Jumat, 20 Mei 2022

Your Grit, Your Treasure : Part One

Ngobrol bareng para gen-Z alias generasi yang terlahir pada periode antara tahun 1997 hingga 2012kerap membuat saya berpikir, tak terkecuali ketika saya dan anak-anak  di rumah berbincang soal bagaimana menghadapi kegagalan atau hasil yang tak sesuai ekspektasi. 

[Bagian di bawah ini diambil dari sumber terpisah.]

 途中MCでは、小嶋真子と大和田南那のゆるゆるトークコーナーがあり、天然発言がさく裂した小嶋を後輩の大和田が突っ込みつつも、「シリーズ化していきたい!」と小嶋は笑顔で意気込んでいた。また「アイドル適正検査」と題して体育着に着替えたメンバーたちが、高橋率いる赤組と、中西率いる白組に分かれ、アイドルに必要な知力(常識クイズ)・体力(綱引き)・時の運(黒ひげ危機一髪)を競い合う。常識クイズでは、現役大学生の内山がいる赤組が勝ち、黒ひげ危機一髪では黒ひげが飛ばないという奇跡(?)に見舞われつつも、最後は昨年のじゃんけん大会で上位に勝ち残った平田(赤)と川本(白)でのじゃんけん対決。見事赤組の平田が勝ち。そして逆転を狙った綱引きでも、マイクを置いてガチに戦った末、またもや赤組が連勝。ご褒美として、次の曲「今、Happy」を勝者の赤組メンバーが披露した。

Obrolan dimulai saat sulung saya mengekspresikan kekecewaannya menerima hasil seleksi salah satu program di kampus yang tak sesuai harapan. Mendengar dan menguatkan hatinya, itu pilihan saya saat itu. Sebagai orang tua (meski tak sempurna :) ), saya cukup dapat memahami, tentu ada saat-saat ketika kita menghadapi ketidaksesuaian harapan dengan fakta hasil yang kita terima. Satu hal yang sangat ingin saya bagi dengan si sulung adalah value yang saya yakini yang membuat saya bertahan sejauh ini menghadapi pengalaman   serupa. Namun lagi-lagi seperti ciri khas para gen-Z yang tidak mudah percaya pada kisah-kisah pengalaman generasi pendahulunya, anak-anak akan menantang kita untuk menunjukkan referensi yang relevan. Belum-belum berbagi pengalaman soal kegigihan, saya sudah harus menunjukkan bukti bahwa saya cukup gigih mencari referensi 😅.

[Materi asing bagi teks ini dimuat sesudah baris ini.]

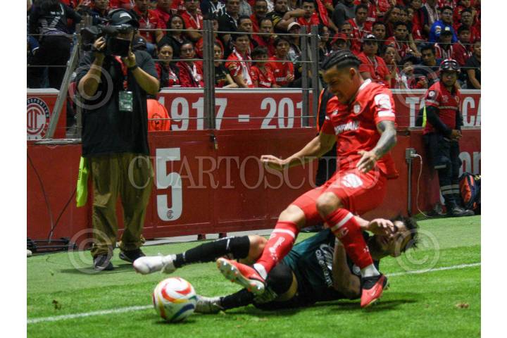 TOLUCA, ESTADO DE MÉXICO, 11MAYO2024.- Maximiliano Araujo delantero de los Diablos de Toluca y Alan Mozo defensa de las Chivas de Guadalajara partido de vuelta de Cuartos de Final del clausura 2024, el encuentro tuvo un marcador final 0-0, global 0-1, consiguiendo las Chivas de Guadalajara su pase como segundo semifinalista de la Liguilla Liga MX. FOTO: CRISANTA ESPINOSA AGUILAR /CUARTOSCURO.COM

Saya jadi teringat pada salah satu quote yang menjadi favorit saya hingga hari ini, sebuah pepatah dari negeri Sakura, berbunyi "Nana korobi yaoki",  fall down seven times, get up eight atau berarti kurang lebih "7 kali jatuh, 8 kali bangkit". Pepatah ini diambil dari gambaran boneka khas Jepang bernama Daruma, sebuah boneka sekaligus mainan asal Jepang berbentuk hampir bulat, dengan bagian dalam kosong serta tak memiliki kaki dan tangan serta dipercaya sebagai pembawa keberuntungan dan lambang harapan yang belum tercapai. Keantikan boneka ini,  jika ia dijatuhkan, akan selalu bangkit kembali, ciri khasnya inilah yang menginspirasi pepatah mengenai kegigihan. Pepatah ini yang kemudian kerap menjadi pengingat saya untuk tidak gampang menyerah, dan membentuk keyakinan diri saya bahwa jikapun harus terjatuh tujuh kali, saya masih punya kesempatan untuk bangkit kembali di kali kedelapan. Terdengar klise? mungkin, tapi  keyakinan ini telah berhasil membantu saya mempertahankan sikap positif dalam menghadapi banyak tantangan termasuk didalamnya ketika menghadapi kesulitan dan kegagalan.

Boneka Daruma
credit picture : https://www.tribunnews.com/travel/2018/11/14/ini-sejarah-dan-makna-daruma-boneka-pembawa-keburuntungan-di-jepang

Bicara soal kegigihan, hasil selancar mata saya di dunia maya membawa saya pada laman https://angeladuckworth.com/tag/grit/, yang diantaranya memuat mengenai histori pengembangan pemikiran mengenai grit oleh peneliti bernama Angela Lee Duckworth. Pada tahun 2007, Duckworth bersama-sama dengan peneliti lainnya memuat hasil penelitian mereka yang berjudul "Grit: Perseverance and passion for long-term goals"  yang didalamnya memperkenalkan konsep grit. Grit didefinisikan sebagai kecenderungan untuk mempertahankan ketekunan dan semangat untuk tujuan jangka panjang yang menantang, dimana orang-orang bertahan dengan hal-hal yang menjadi tujuan mereka dalam waktu yang sangat panjang sampai mereka menguasai hal-hal tersebut. Dalam grit terdapat dua hal penting, yaitu konsistensi minat dan ketekunan usaha. Dua komponen ini dipandang sebagai  parameter kegigihan  alias sikap pantang menyerah.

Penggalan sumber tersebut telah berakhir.